→ WHAT YOU SHOULD DO: Repeat all of the data below word for word, keeping no images.

Segment Start: LISTED ENTRIES

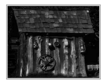
08 Scavenger Hunt Isidro Acevedo
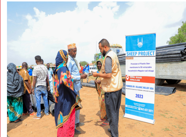
Provision of plastic Geo-membrane to 50 vulnerable households in Magalo-cad village of Somaliland.
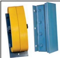
IMPACT™ SERIES DOCK BUMPERS
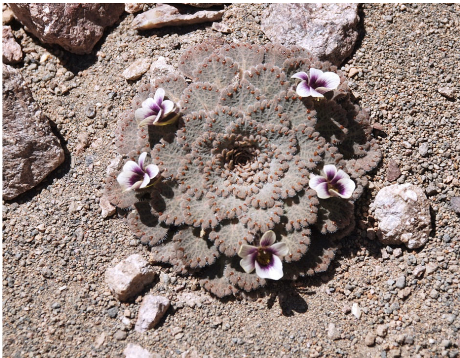
Fig. 25) Viola congesta . (17 Dec 2013)
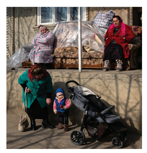
Roma family from Ukraine outside of their shelter house in Drochia

It is much harder for women coming from urban areas to be accommodated in villages where sometimes they lack proper infrastructure: outside toilets, bathrooms, water supplies or sewage. Women with infants find it particularly difficult because they have to adjust to their children' needs, (CSO Representative, female, Chisinau).
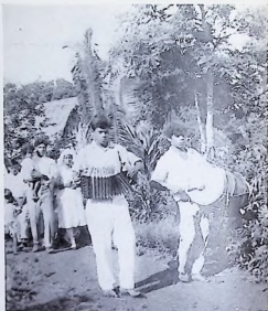
Starting off on the bridal march to four weddings in the bush of Honduras

N OW here in San Pedro Colombia, they didn't even have a rezador . Well, what do they do then? Sit down on the benches and watch; and when that gets too tiresome, they lie down on them and sleep. Outside, and sometimes inside the church, a concoction is served towards 11 P.M., or so. Then things get a little bit lively; it is so nice to have a nocturnal confab, moon or no moon, until you are good and drowsy in the morning by the time for Mass.—Well, I don't approve of that kind of devotion. So about 10:15, after I was finished with my own spiritual exercises, I called my In-
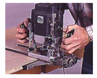
2--Use a straight bit in the router and the edge guide attachment to cut a rabbet along the back edge of the side panels.
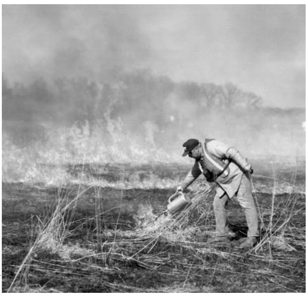
Bob Lootens of Roads and Grounds uses a drip torch to ignite a backfire.

On the day of the burn, the fire is set along a strip at the edge of the fire break on the downwind side of the area, with an igniting tool called a "drip torch" that drips a mixture of gasoline and diesel fuel from its nozzle. The fire will creep back into the wind. The perimeter fire break, wet down and offering no fuel, acts as a control against movement in the other direction. Fire is then set on the upwind side of the area; the strategy is aimed at having the flames meet somewhere in the middle, with nothing left to burn and nowhere left to go.
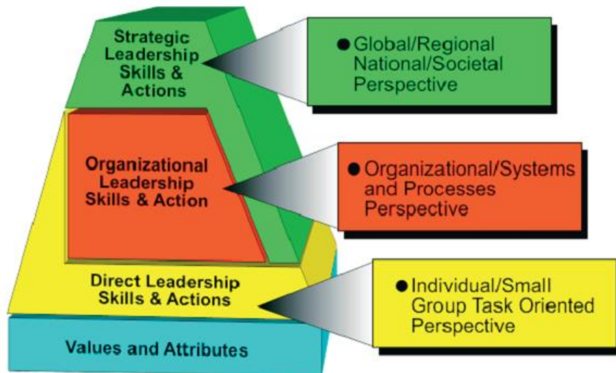
Figure 3. Modern approaches of Levels of Army Leadership

Army leadership positions divide into three levels—direct, organizational, and strategic. The leadership level involves a number of factors, including above figure. It is clear states that main regression is leadership factor among many variable which serves and promotes new solutions and development goals.
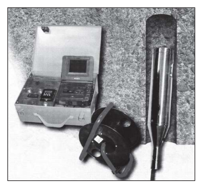
Fig. 1. Introscopic camera to examine rock structure penetrated by drilling operations
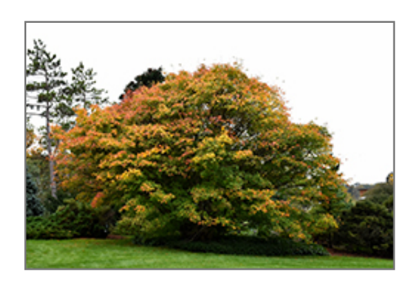
Ivy-leaved Maple in fall
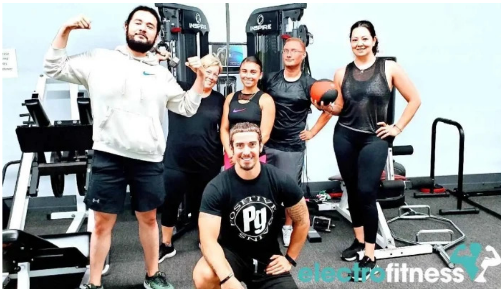
Positive gains training allen park
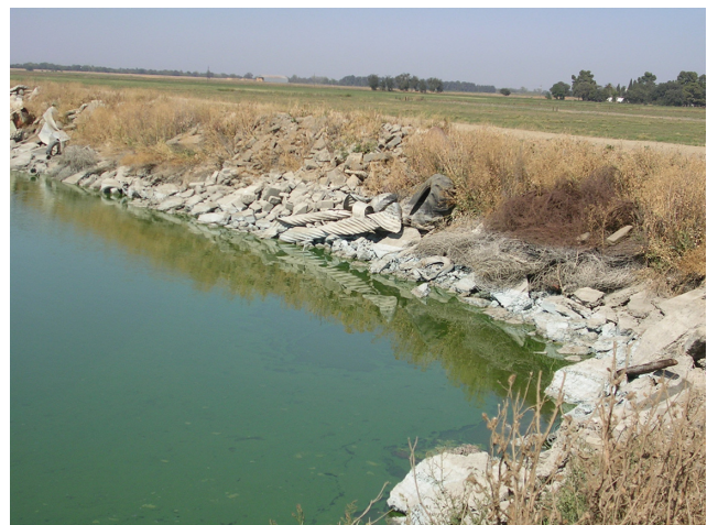
Figure 4 Pond with Microcystis bloom in California's Central Valley.

Increasing global water temperatures, nutrient and pollutant enrichment lead to eutrophication of fresh and coastal water bodies and can result in toxicogenic cyanobacterial (blue-green algae) blooms. Produced by multiple cyanobacteria, microcystins have been detected worldwide, resulting in numerous animal intoxications. These algal toxins present a constant threat to pastured animals because of their persistence in ponds and streams (Figure 4). Cattle drink contaminated water readily, even consuming algal mats, and poisonings appear to be on the rise. The number of structural variants frequently present in surface water blooms makes estimating toxicity difficult. Cyclic heptapeptides causing acute liver damage through potent inhibition of protein phosphatases 1 and 2A, 98 microcystins result in diarrhea, weakness, pale mucous membranes, and shock within 30 minutes to several hours. 99,100 Many die within hours to days, but individual cattle may survive and develop hepatogenous photosensitization (Figure 5). The rapid onset of acute hepatotoxicosis renders
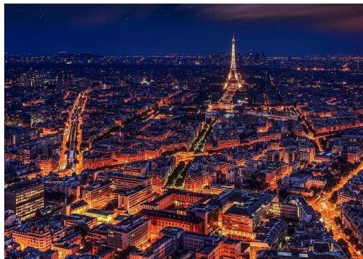
Arrival into the City of Light - Paris
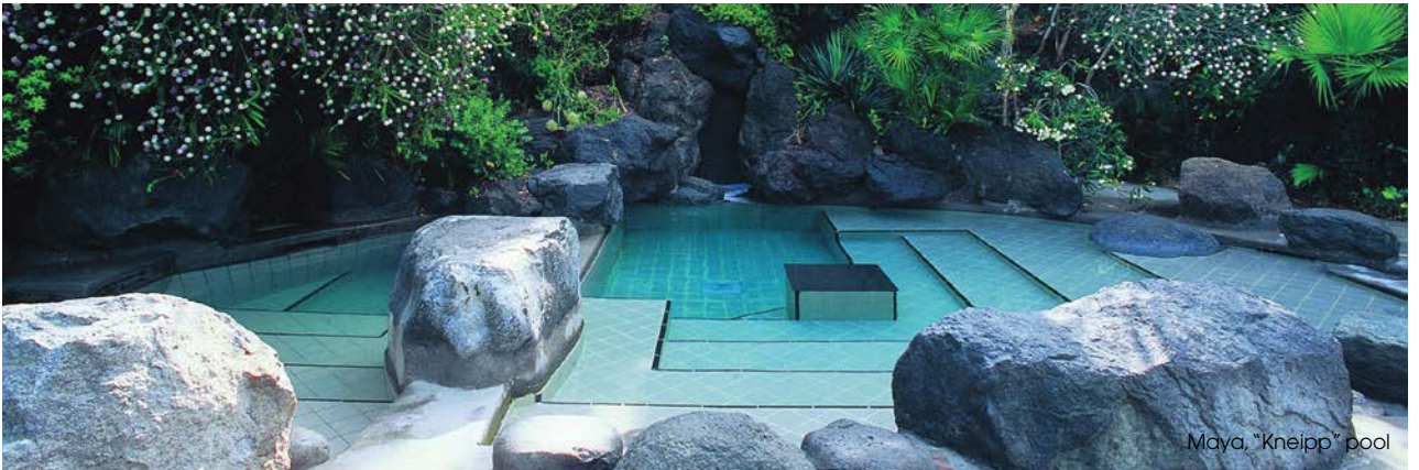
Maya, "Kneipp" pool
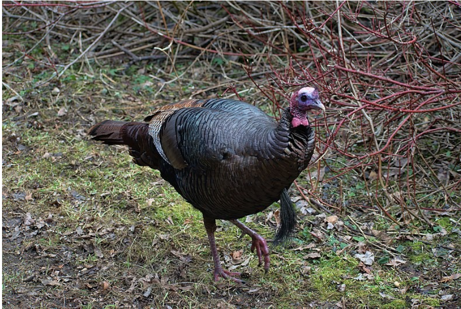
Wild Turkey, Not Looking Forward to Canadian Thanksgiving

This week I have lots of commitments, so I will only be posting news items I thought were interesting.
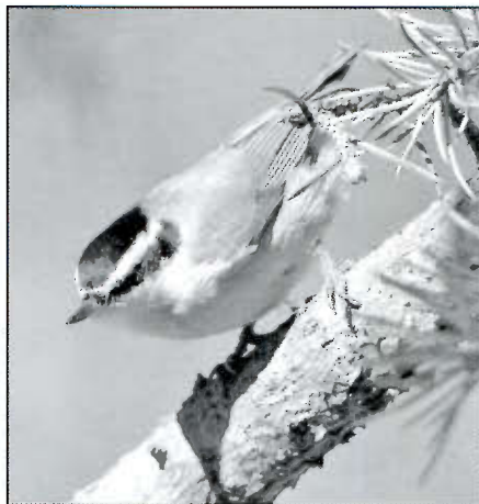
Red-breasted Nuthatch at Plum Creek Forest Preserve, Cook County. 25 January 2006.

MC: 214, QC, 18 Dec (KJM, m.ob.); 177, Rock Island Co, 4 Jan (BLB, m.ob.); 130, Mercer Co, 28 Dec (TM, m.ob.); 57, Kane Co, 17 Dec (EES); 54, Lake Forest (Lake Co), 26 Dec (GAW); 30,

Segment End: LISTED ENTRIES

→ WRITTEN ANSWER:
08 Scavenger Hunt Isidro Acevedo
Provision of plastic Geo-membrane to 50 vulnerable households in Magalo-cad village of Somaliland.
IMPACT™ SERIES DOCK BUMPERS
Fig. 25) Viola congesta . (17 Dec 2013)
Roma family from Ukraine outside of their shelter house in Drochia

It is much harder for women coming from urban areas to be accommodated in villages where sometimes they lack proper infrastructure: outside toilets, bathrooms, water supplies or sewage. Women with infants find it particularly difficult because they have to adjust to their children' needs, (CSO Representative, female, Chisinau).
Starting off on the bridal march to four weddings in the bush of Honduras

N OW here in San Pedro Colombia, they didn't even have a rezador . Well, what do they do then? Sit down on the benches and watch; and when that gets too tiresome, they lie down on them and sleep. Outside, and sometimes inside the church, a concoction is served towards 11 P.M., or so. Then things get a little bit lively; it is so nice to have a nocturnal confab, moon or no moon, until you are good and drowsy in the morning by the time for Mass.—Well, I don't approve of that kind of devotion. So about 10:15, after I was finished with my own spiritual exercises, I called my In-
2--Use a straight bit in the router and the edge guide attachment to cut a rabbet along the back edge of the side panels.
Bob Lootens of Roads and Grounds uses a drip torch to ignite a backfire.

On the day of the burn, the fire is set along a strip at the edge of the fire break on the downwind side of the area, with an igniting tool called a "drip torch" that drips a mixture of gasoline and diesel fuel from its nozzle. The fire will creep back into the wind. The perimeter fire break, wet down and offering no fuel, acts as a control against movement in the other direction. Fire is then set on the upwind side of the area; the strategy is aimed at having the flames meet somewhere in the middle, with nothing left to burn and nowhere left to go.
Figure 3. Modern approaches of Levels of Army Leadership

Army leadership positions divide into three levels—direct, organizational, and strategic. The leadership level involves a number of factors, including above figure. It is clear states that main regression is leadership factor among many variable which serves and promotes new solutions and development goals.
Fig. 1. Introscopic camera to examine rock structure penetrated by drilling operations
Ivy-leaved Maple in fall
Positive gains training allen park
Figure 4 Pond with Microcystis bloom in California's Central Valley.

Increasing global water temperatures, nutrient and pollutant enrichment lead to eutrophication of fresh and coastal water bodies and can result in toxicogenic cyanobacterial (blue-green algae) blooms. Produced by multiple cyanobacteria, microcystins have been detected worldwide, resulting in numerous animal intoxications. These algal toxins present a constant threat to pastured animals because of their persistence in ponds and streams (Figure 4). Cattle drink contaminated water readily, even consuming algal mats, and poisonings appear to be on the rise. The number of structural variants frequently present in surface water blooms makes estimating toxicity difficult. Cyclic heptapeptides causing acute liver damage through potent inhibition of protein phosphatases 1 and 2A, 98 microcystins result in diarrhea, weakness, pale mucous membranes, and shock within 30 minutes to several hours. 99,100 Many die within hours to days, but individual cattle may survive and develop hepatogenous photosensitization (Figure 5). The rapid onset of acute hepatotoxicosis renders
Arrival into the City of Light - Paris
Maya, "Kneipp" pool
Wild Turkey, Not Looking Forward to Canadian Thanksgiving

This week I have lots of commitments, so I will only be posting news items I thought were interesting.
Red-breasted Nuthatch at Plum Creek Forest Preserve, Cook County. 25 January 2006.

MC: 214, QC, 18 Dec (KJM, m.ob.); 177, Rock Island Co, 4 Jan (BLB, m.ob.); 130, Mercer Co, 28 Dec (TM, m.ob.); 57, Kane Co, 17 Dec (EES); 54, Lake Forest (Lake Co), 26 Dec (GAW); 30,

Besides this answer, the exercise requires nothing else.